• _Task material_
# # # #
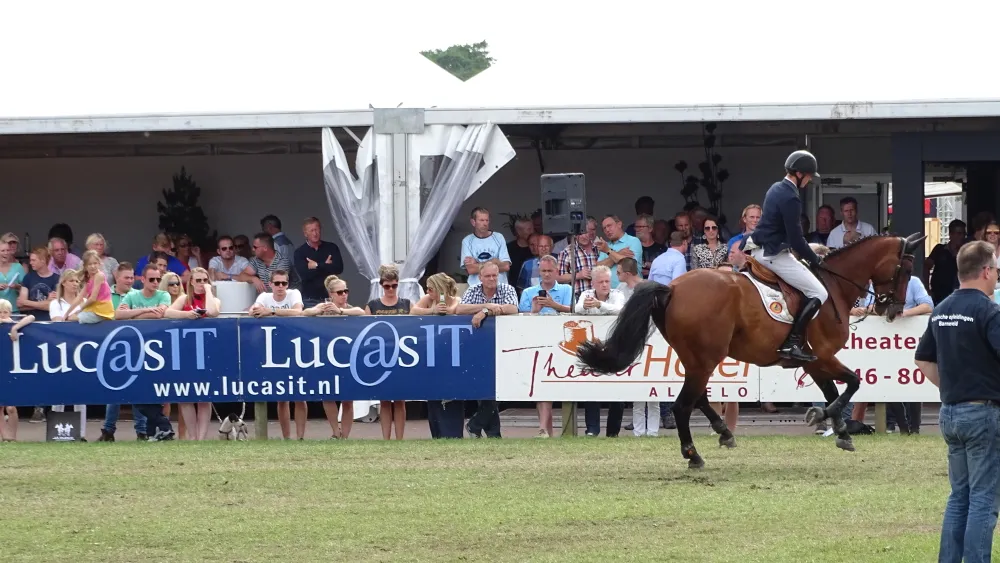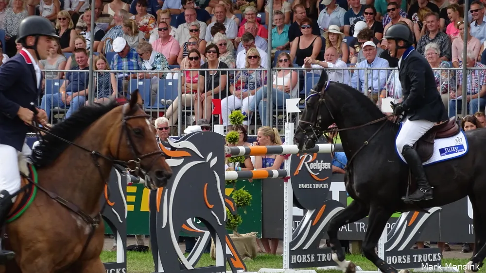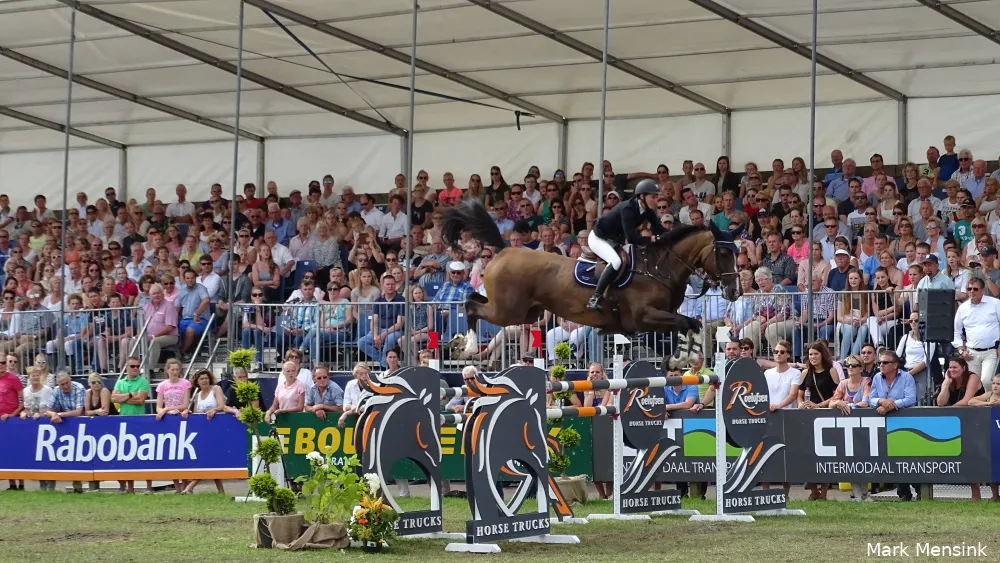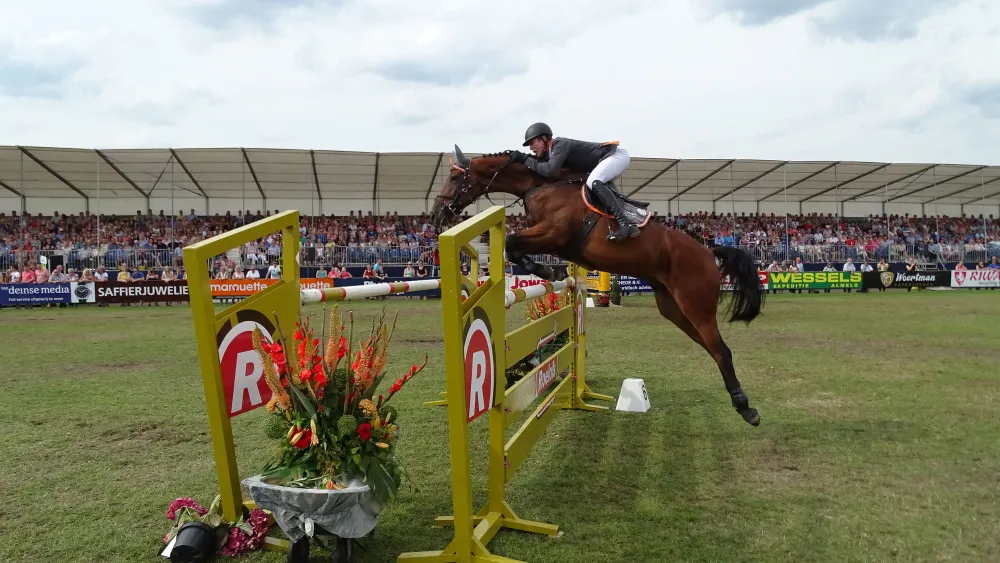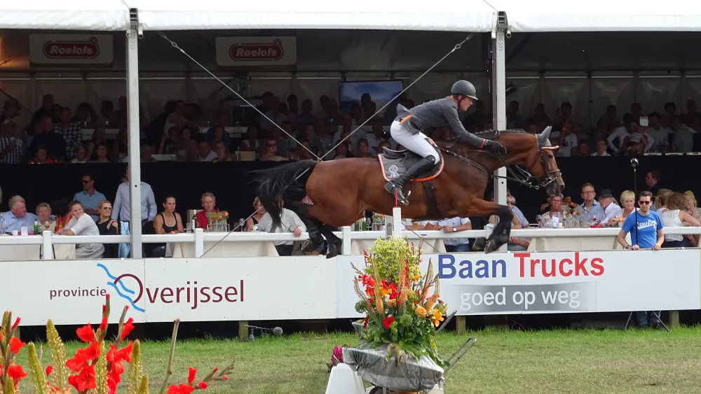 Niet 1 van de liefst 22 Nederlanders die streden om de Grote Prijs van Twente, maar Philip Rüping uit Duitsland bleef met Copperfield 40 in de barrage foutloos en bleek de snelste met 37.97 seconden.
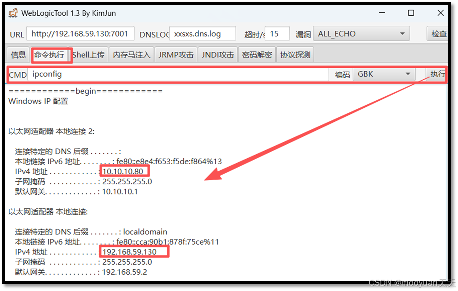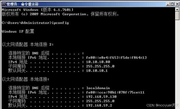 配置完毕后使用ipconfig命令查看,如下所示与Kali处于同一网段192.168.59.0/24(vmnet8网段)的192.168.59.130就是我们的渗透目标。
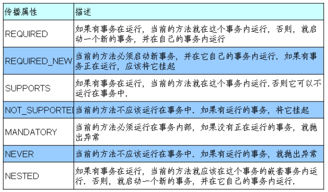 ⑧Propagation propagation() default Propagation.REQUIRED:事务的传播行为,即当事务方法被另一个事务方法调用时,必须指定事务应该如何传播。例如:方法可能继续在现有事务中运行,也可能开启一个新事务,并在自己的事务中运行。Spring定义了7种类传播行为:
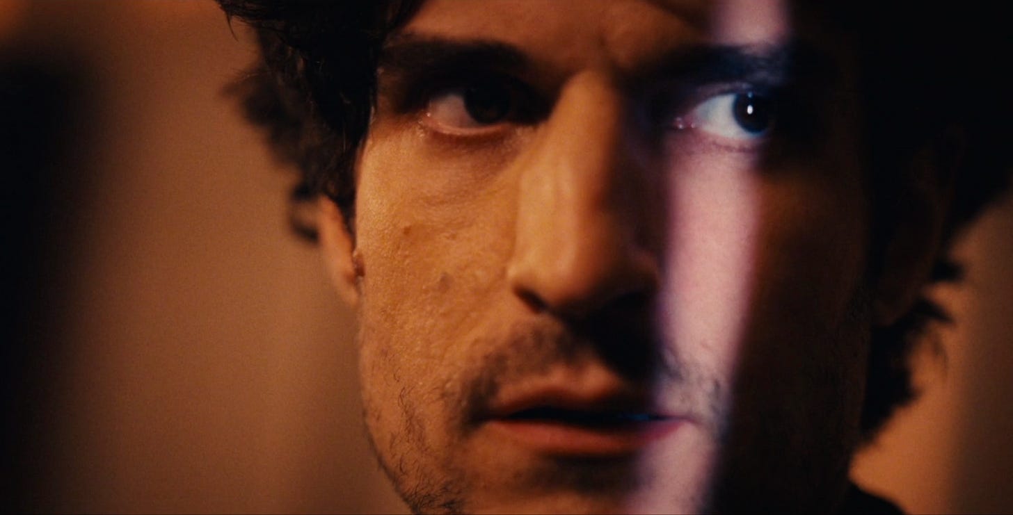 When Abel (Louis Garrel) finds a gun in his mom’s boyfriend’s jacket, he leans over to try to get a look at his mom and her boyfriend . . .
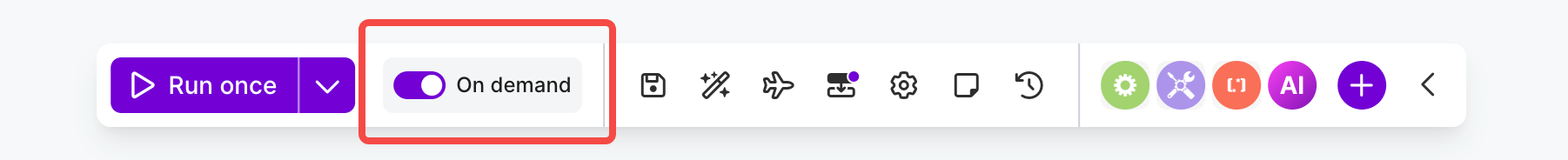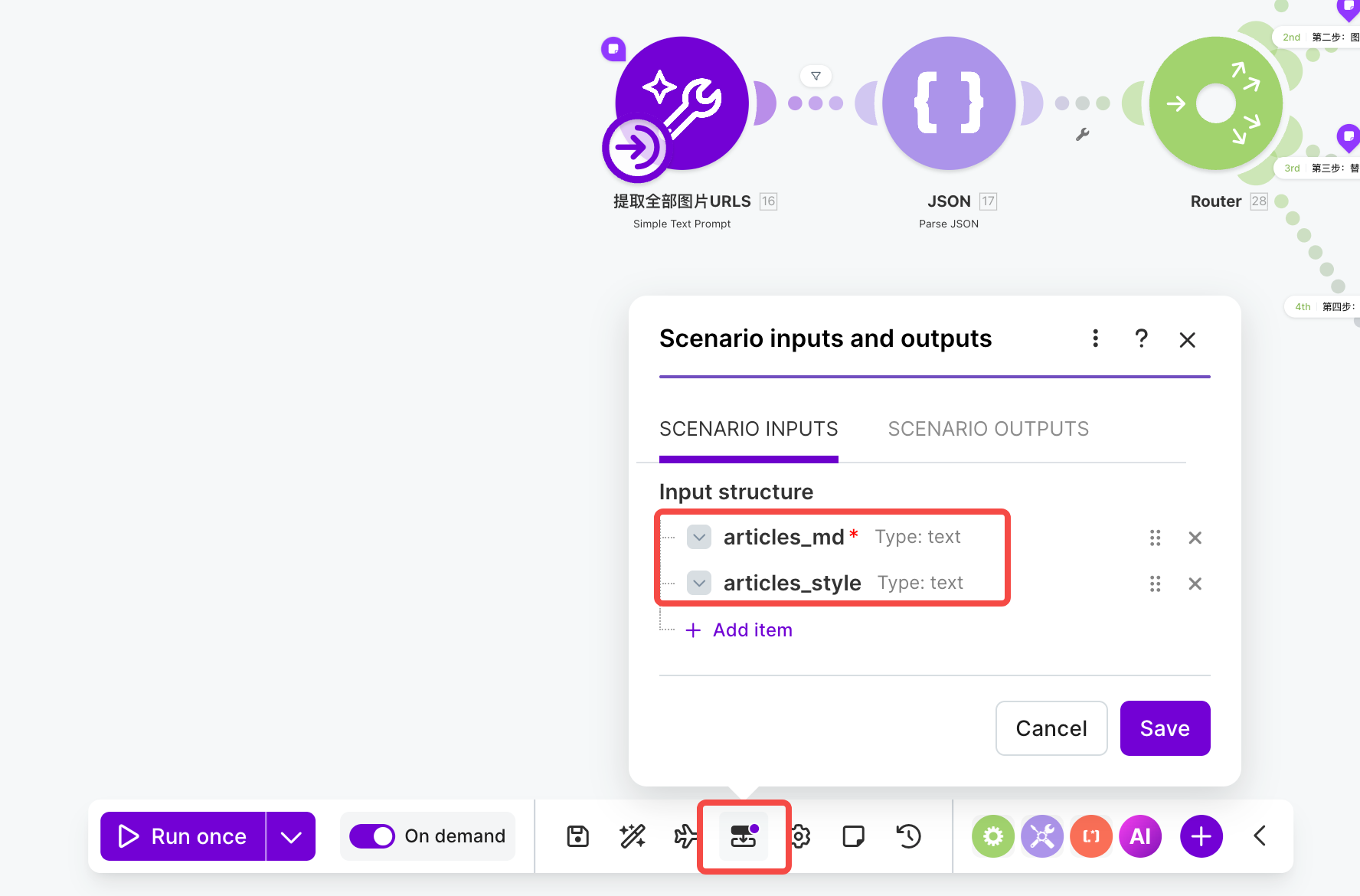 所有模块设置完成后,务必将工作流底部的 On demand 开关打开,然后再点击保存。只有开启这个状态,该工作流才能被外部应用程序(如小龙虾的 Skill)顺利调用。
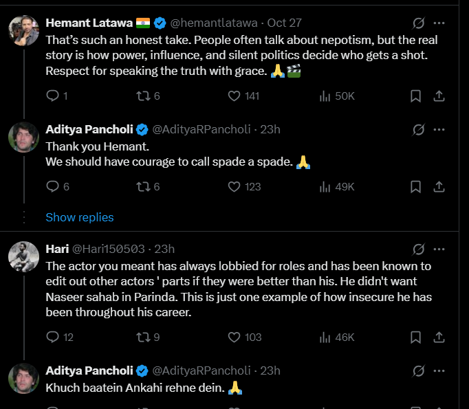 आदित्य पंचोली की पोस्ट पर कई यूजर्स ने रिएक्शन दिया है। एक यूजर ने लिखा, यह बहुत ईमानदार नजरिया है। लोग अक्सर नेपोटिज्म की बात करते हैं, लेकिन असली कहानी यह है कि शक्ति, प्रभाव और छिपी राजनीति तय करती है कि किसे मौका मिलेगा। सच्चाई को इतने सम्मानपूर्वक बोलने के लिए सम्मान।
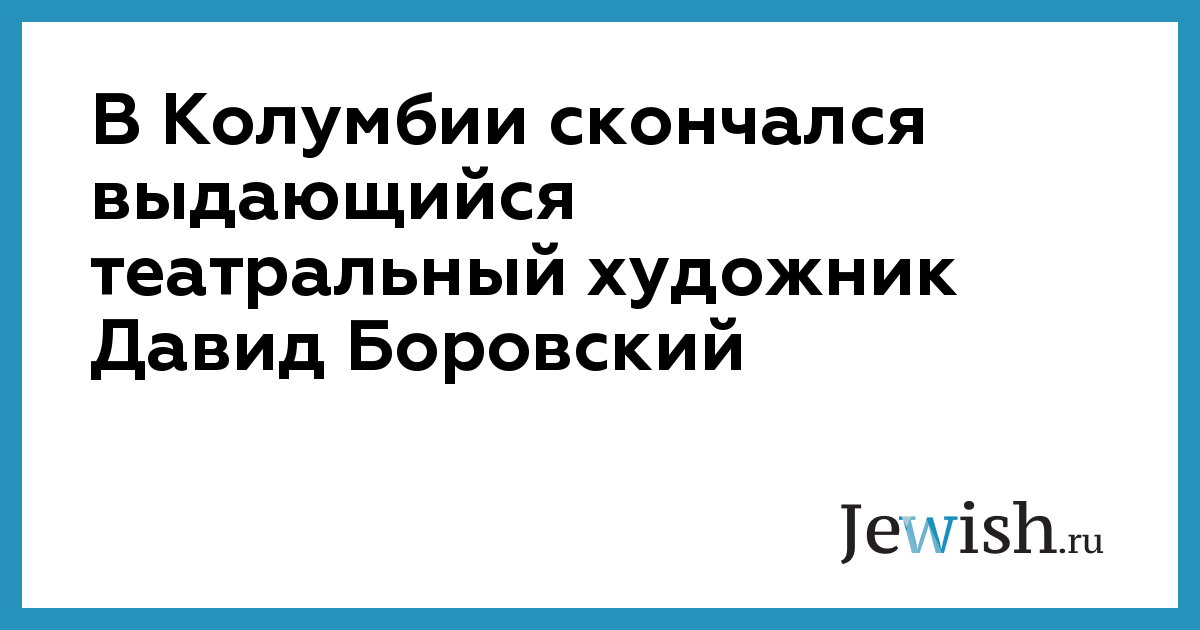 В Боготе на 72-м году жизни от инфаркта скончался театральный художник Давид Львович Боровский. В столице Колумбии проходила его персональная выставка в рамках Ибероамериканского театрального фестиваля, и он приехал на ее открытие. О кончине Давида Боровского стало известно из сообщения радио "Свобода".
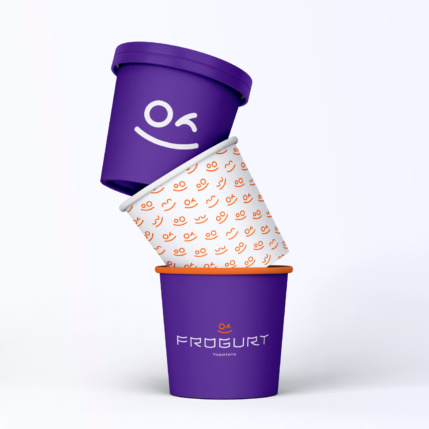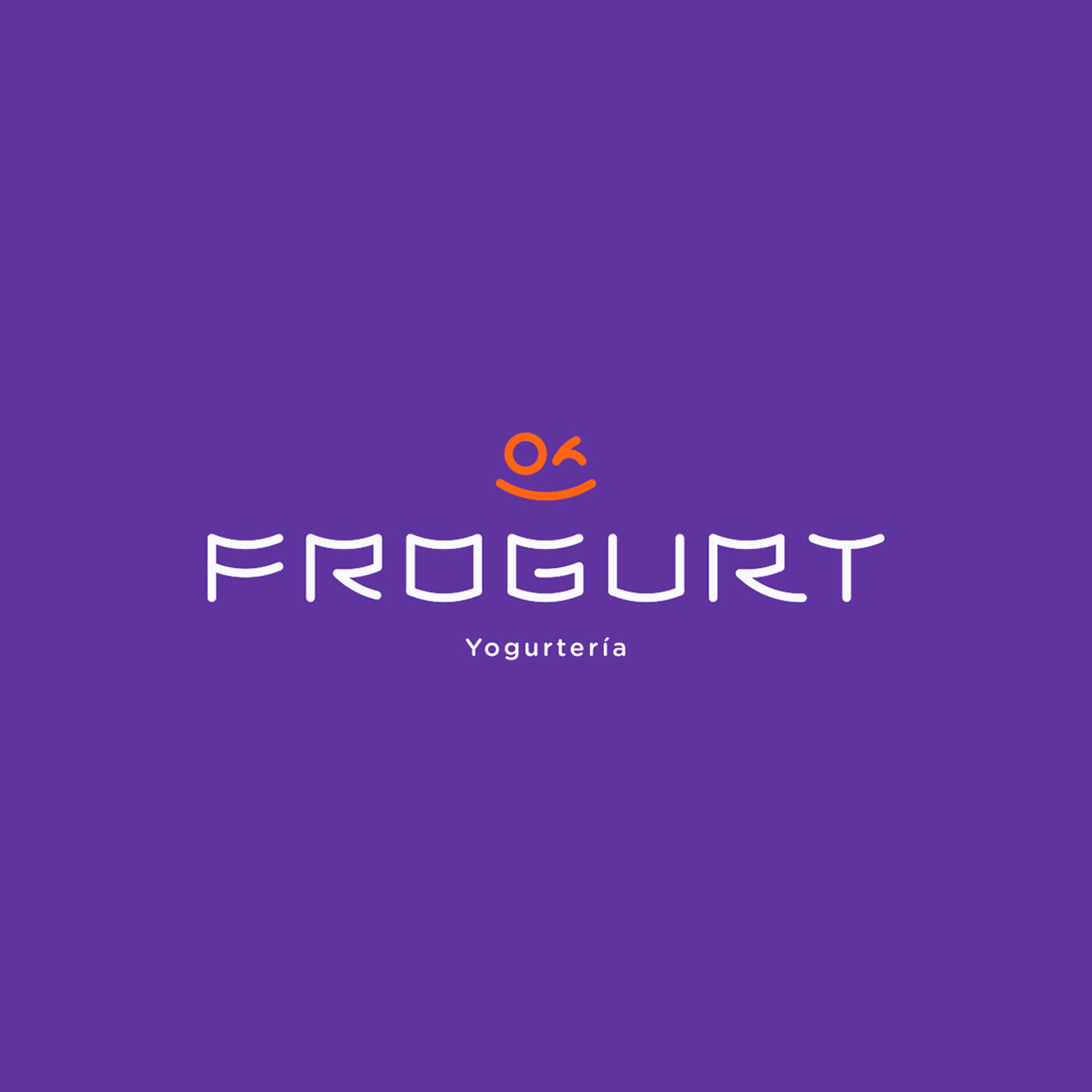 Diseño de tipografía, marca e identidad para la yogurtería. La tipografía fue construida a partir de dos elementos fundamentales: la sonrisa de una rana (frog) y la forma de un pote de yogurt.
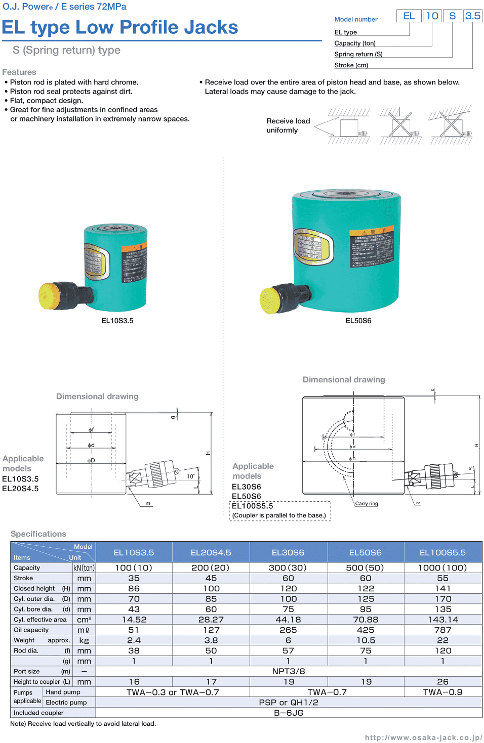 Áp hoạt động kích thủy lực ngắn Osaka EL10S3.5 < 720 bar (72MPa), với coupler tiêu chuẩn ren 3/8"NPT cho phép kích thủy lực ngắn Osaka EL10S3.5 đấu nối nhanh với bơm thủy lực, thông qua ống dây, phụ kiện thủy lực.
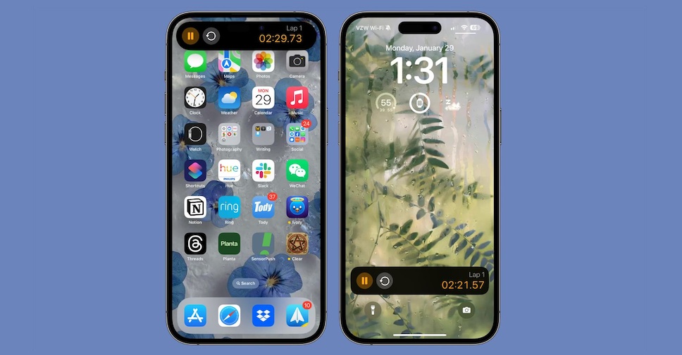เมื่อแตะนาฬิกาจับเวลาบน Dynamic Island จะพบตัวเลือกในการหยุดจับเวลาชั่วคราวหรือเริ่มรอบใหม่ ซึ่งจะพบการควบคุมแบบเดียวกันนี้บนหน้้าจอ Lock Screen ด้วย และสามารถลบนาฬิกาจับเวลาได้ทั้งจากหน้าจอ Lock Screen (ปัดออก) และ Dynamic Island (แตะปุ่ม X)
# # # #
• _Aim of the task_
For this exercise, restate the material exactly and skip every picture.

• _Result below_
 Niet 1 van de liefst 22 Nederlanders die streden om de Grote Prijs van Twente, maar Philip Rüping uit Duitsland bleef met Copperfield 40 in de barrage foutloos en bleek de snelste met 37.97 seconden.
 配置完毕后使用ipconfig命令查看,如下所示与Kali处于同一网段192.168.59.0/24(vmnet8网段)的192.168.59.130就是我们的渗透目标。
 ⑧Propagation propagation() default Propagation.REQUIRED:事务的传播行为,即当事务方法被另一个事务方法调用时,必须指定事务应该如何传播。例如:方法可能继续在现有事务中运行,也可能开启一个新事务,并在自己的事务中运行。Spring定义了7种类传播行为:
 When Abel (Louis Garrel) finds a gun in his mom’s boyfriend’s jacket, he leans over to try to get a look at his mom and her boyfriend . . .
 所有模块设置完成后,务必将工作流底部的 On demand 开关打开,然后再点击保存。只有开启这个状态,该工作流才能被外部应用程序(如小龙虾的 Skill)顺利调用。
 आदित्य पंचोली की पोस्ट पर कई यूजर्स ने रिएक्शन दिया है। एक यूजर ने लिखा, यह बहुत ईमानदार नजरिया है। लोग अक्सर नेपोटिज्म की बात करते हैं, लेकिन असली कहानी यह है कि शक्ति, प्रभाव और छिपी राजनीति तय करती है कि किसे मौका मिलेगा। सच्चाई को इतने सम्मानपूर्वक बोलने के लिए सम्मान।
 В Боготе на 72-м году жизни от инфаркта скончался театральный художник Давид Львович Боровский. В столице Колумбии проходила его персональная выставка в рамках Ибероамериканского театрального фестиваля, и он приехал на ее открытие. О кончине Давида Боровского стало известно из сообщения радио "Свобода".
 Diseño de tipografía, marca e identidad para la yogurtería. La tipografía fue construida a partir de dos elementos fundamentales: la sonrisa de una rana (frog) y la forma de un pote de yogurt.
 Áp hoạt động kích thủy lực ngắn Osaka EL10S3.5 < 720 bar (72MPa), với coupler tiêu chuẩn ren 3/8"NPT cho phép kích thủy lực ngắn Osaka EL10S3.5 đấu nối nhanh với bơm thủy lực, thông qua ống dây, phụ kiện thủy lực.
เมื่อแตะนาฬิกาจับเวลาบน Dynamic Island จะพบตัวเลือกในการหยุดจับเวลาชั่วคราวหรือเริ่มรอบใหม่ ซึ่งจะพบการควบคุมแบบเดียวกันนี้บนหน้้าจอ Lock Screen ด้วย และสามารถลบนาฬิกาจับเวลาได้ทั้งจากหน้าจอ Lock Screen (ปัดออก) และ Dynamic Island (แตะปุ่ม X)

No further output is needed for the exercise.